After Amadeo had transformed, Marius had met with Raymond Gallant, a man from the Talamasca, a group of scholars who found out information about supernatural things, just for information. He hears from him that Pandora is being kept hostage by another vampire and moved around Europe and Russia; so Marius decides to move to Dresden to try meeting with Pandora, whom he still loves. He does not tell Bianca of this. Marius does indeed find Pandora there, but discovers that she does not want to live with him and Bianca and wants to stay with her traveling companion, who was not holding her hostage after all. Marius offers to leave Bianca for Pandora, but Pandora refuses this offer. When Marius sees Bianca the next day, she declares that she is leaving him because she overheard what he said to Pandora. 50 years later, as he is shifting to America, Marius discovers a letter from Pandora offering to live with him if he comes to collect her at a certain place, but it is too late and she is gone.

Marius then shelters a young vampire named Lestat de Lioncourt, who wakes up Akasha when playing a song for her on his violin. She comes to him and they drink each other's blood. Enkil is furious and almost crushes Lestat when a shocked Marius saves him. Marius sends Lestat away, thinking that he can pose a danger, but is sad that it is the fourth time he is losing a love. Years later, Marius brings a television into Those Who Must Be Kept's Chapel, for their entertainment. On this they see news, songs, as well as The Vampire Lestat's rock guitar music. This, Marius feels, corrupts their minds, and Akasha awakens from her slumber with the evil idea of taking over the world. She destroys Enkil and buries Marius in the ruins of his house, where he lies, injured.

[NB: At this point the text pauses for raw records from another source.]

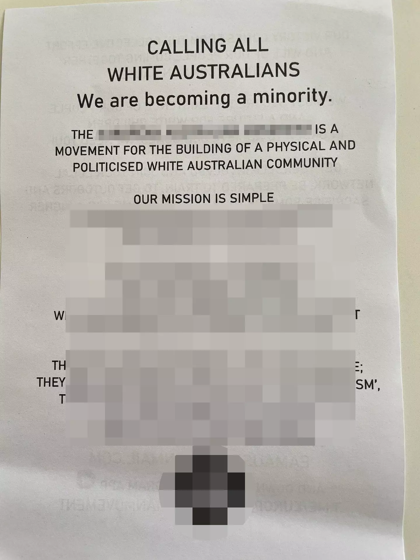 The leaflets revealed the group's mission is to promote the 'preservation' and 'advancement' of white people in Australia.
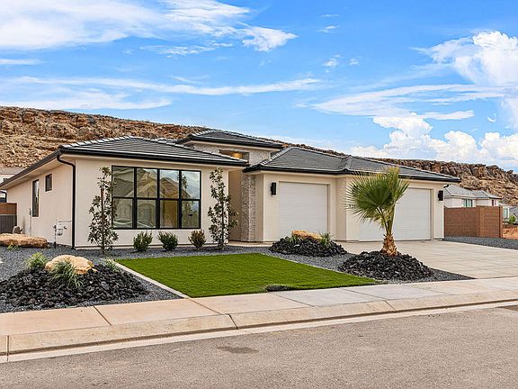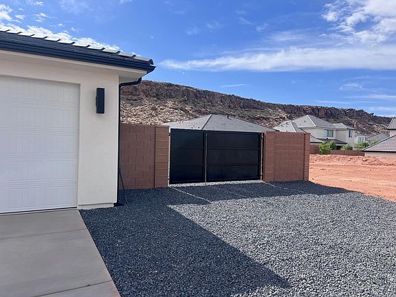 Stunning brand-new 4-bedroom, 3-bathroom home in the highly sought-after Little Valley area of St. George. This single-level residence showcases tall ceilings, 8-foot doors, no carpet in the main living areas, and a spacious 3-car garage with room for RV or boat parking. The fully landscaped lot includes powder-coated metal gates for privacy and curb appeal. Inside, you'll find quartz countertops, custom cabinetry, and a luxurious primary suite with a walk-in tiled shower and euro glass door, a freestanding tub, double vanities, and a large walk-in closet. Enjoy seamless indoor-outdoor living with a 3-panel sliding glass door that opens to a covered patio—perfect for relaxing in the evening shade. Located in the Dixie Power service area and just minutes from top-rated schools: South Mesa Elementary, Crimson Cliffs Middle, and Crimson Cliffs High. All information deemed reliable but not guaranteed; buyer to verify all details.
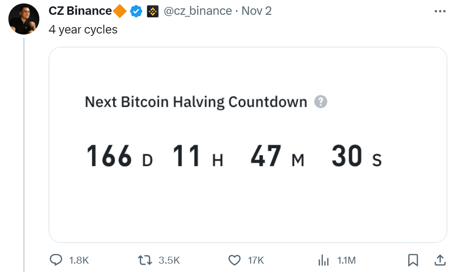 “4年周期,”赵长鹏在推特写道,附图标出比特币减半时间表,距今仅剩166天。为抑制比特币价格通胀,比特币网络的区块奖励大约每4年就会展开“减半”(Halving),而下一次的减半预期将在2024年4月发生。届时,比特币的产量将会减少,挖矿奖励从6.25枚比特币降至3.125枚比特币。
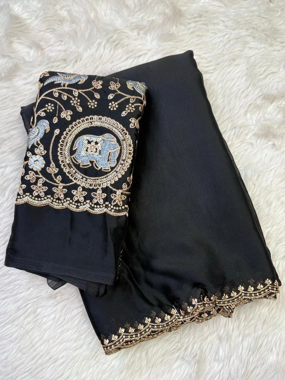 | Product Name | Maniratan Ah Black Rangoli Elephant Embroidery Saree Collection |
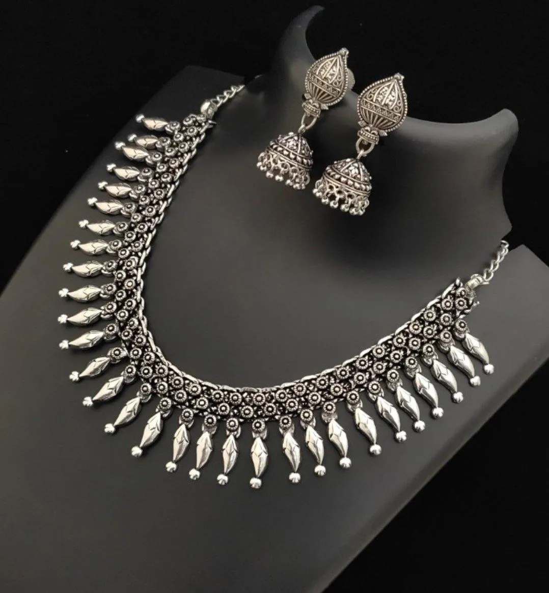 Material: High quality floral patterned choker Neckset. German silver finish Jewellery with short length chain and metal lock at back. Specially designed for the Fashionista in you.
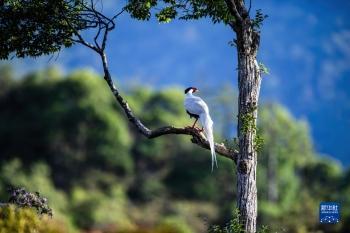 5月18日,一只白鹇在福建省永安市青水畲族乡丰田村一山坡的树枝上停歇。新华社记者 彭张青摄
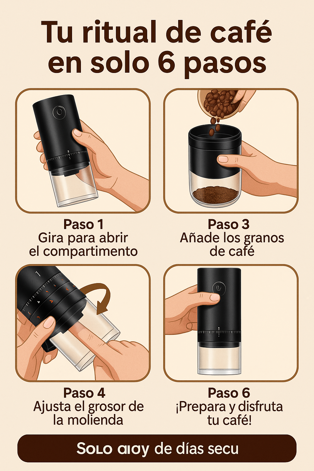 ✅ Muele hasta 20g de granos (¡una carga completa para 1-2 tazas!)
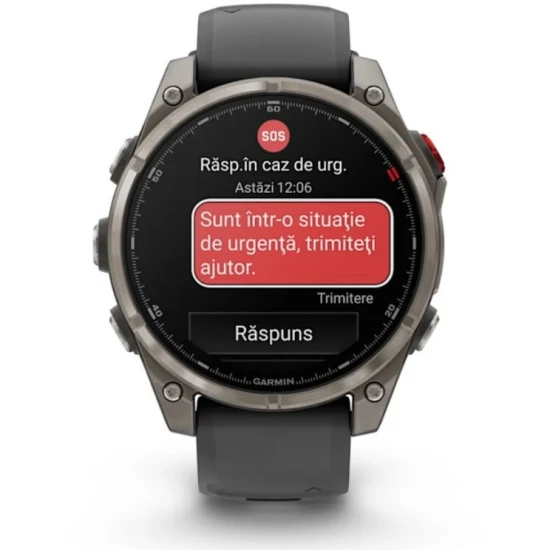 Fiind primul nostru ceas inteligent cu tehnologie inReach1 pentru conectivitate prin satelit si LTE, fēnix® 8 Pro iti ofera liniste sufleteasca in aventurile tale. Ai nevoie de ajutor? Declanseaza un mesaj SOS interactiv pentru sprijin in caz de urgenta de la centrul Garmin Response, disponibil non-stop.
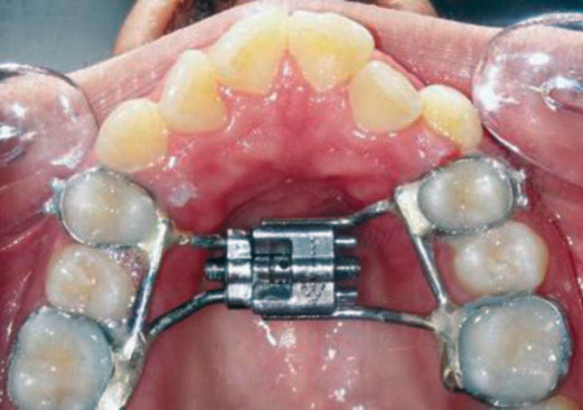 این پیچ به کمک این چهار بند روی دندانهای قوس بالا سمان میشود (شکل 80-3).
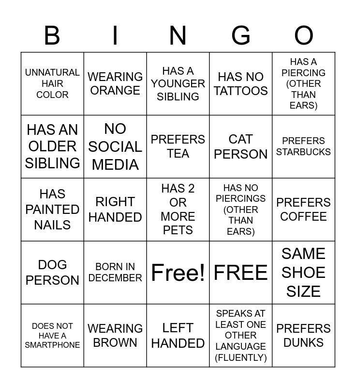 This bingo card has 26 words: Free!, SPEAKS AT LEAST ONE OTHER LANGUAGE (FLUENTLY), PREFERS TEA, WEARING BROWN, HAS A PIERCING (OTHER THAN EARS), UNNATURAL HAIR COLOR, HAS AN OLDER SIBLING, WEARING ORANGE, PREFERS COFFEE, FREE, CAT PERSON, HAS PAINTED NAILS, SAME SHOE SIZE, DOES NOT HAVE A SMARTPHONE, RIGHT HANDED, HAS AN ANIMAL TATTOO, HAS NO TATTOOS, DOG PERSON, HAS A YOUNGER SIBLING, HAS 2 OR MORE PETS, PREFERS STARBUCKS, LEFT HANDED, HAS NO PIERCINGS (OTHER THAN EARS), BORN IN DECEMBER, NO SOCIAL MEDIA and PREFERS DUNKS.
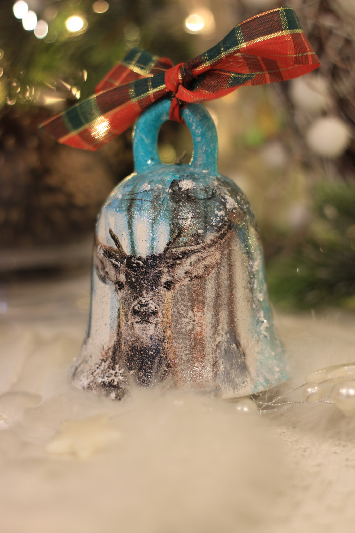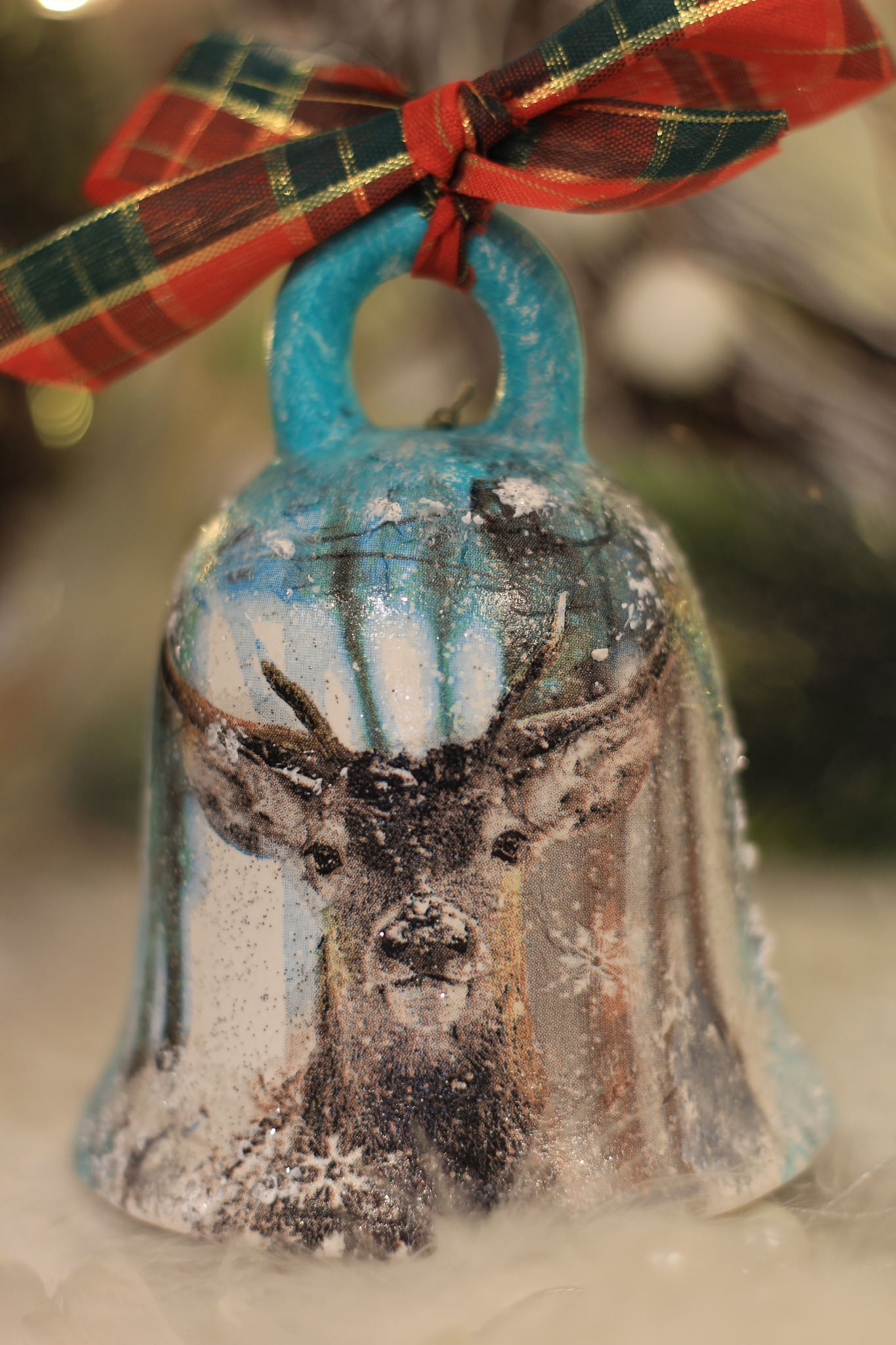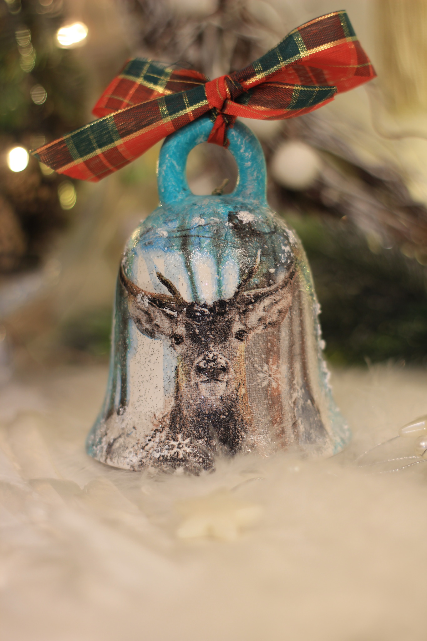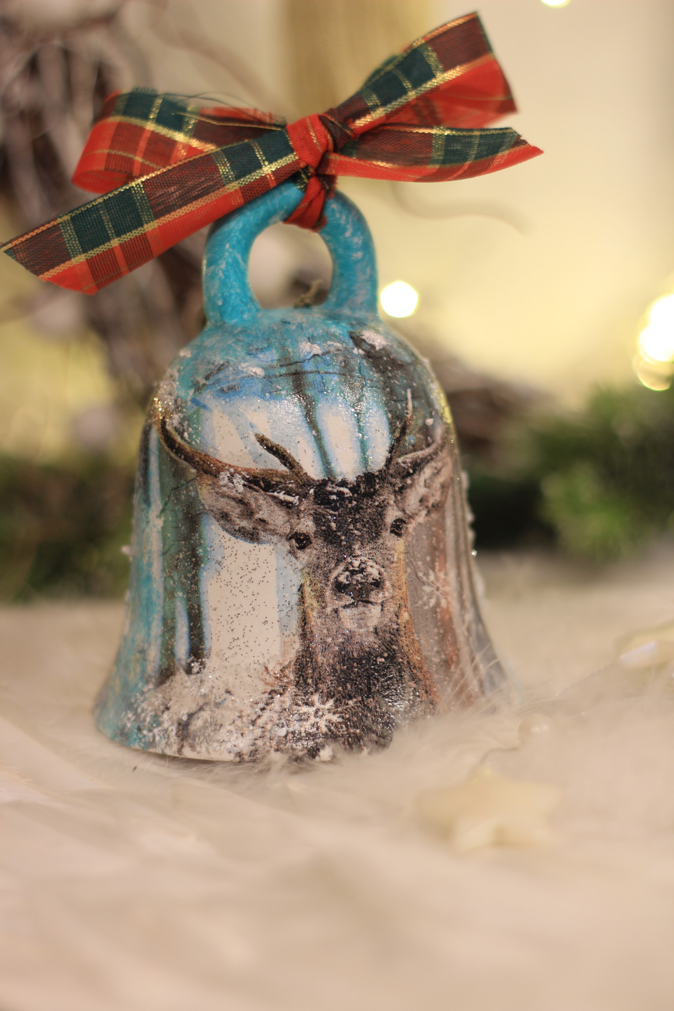 - Ceramiczny dzwonek z Jelonkiem dekorowany metodą Decoupage oraz techniką własną. Dzwonek po obu stronach przedstawia taki sam motyw.

Marius lies there trapped, for weeks, but with the Mind Gift informs Lestat that he is in danger, and also asks for help. He is soon found by Pandora, and Santino—whom he tries to kill, but realizes that all force would be needed to stop Akasha from her evil deed of taking over the world, killing all men and having a female-dominated world with her as the leader. A council is formed and the vampires try to convince Akasha, but she does not listen. Finally, Maharet's (who created Thorne) mute twin sister, Mekare, fights with Akasha and destroys her. That is the end of Marius's story through time.

The story then moves back to the present day, where Marius and Thorne are at a jungle hideaway with other old and powerful vampires—Amadeo (now going by the name Armand), Santino, Maharet, Mekare, and Pandora. Marius wants justice against Santino for taking Armand away from him, but Maharet refuses to let Marius kill Santino, who is weak. Thorne does not want to accept her decision and so kills Santino himself with the Fire Gift. In penance for his deed, he gives his eyes to Maharet.

== Reception ==
Kirkus writes in a star review "given her historical antecedents, Rice-Who-Must-Be-Obeyed writes like a damned Queen. Pure vellum in the chronicle." Publishers Weekly called the book "intriguing yet rushed".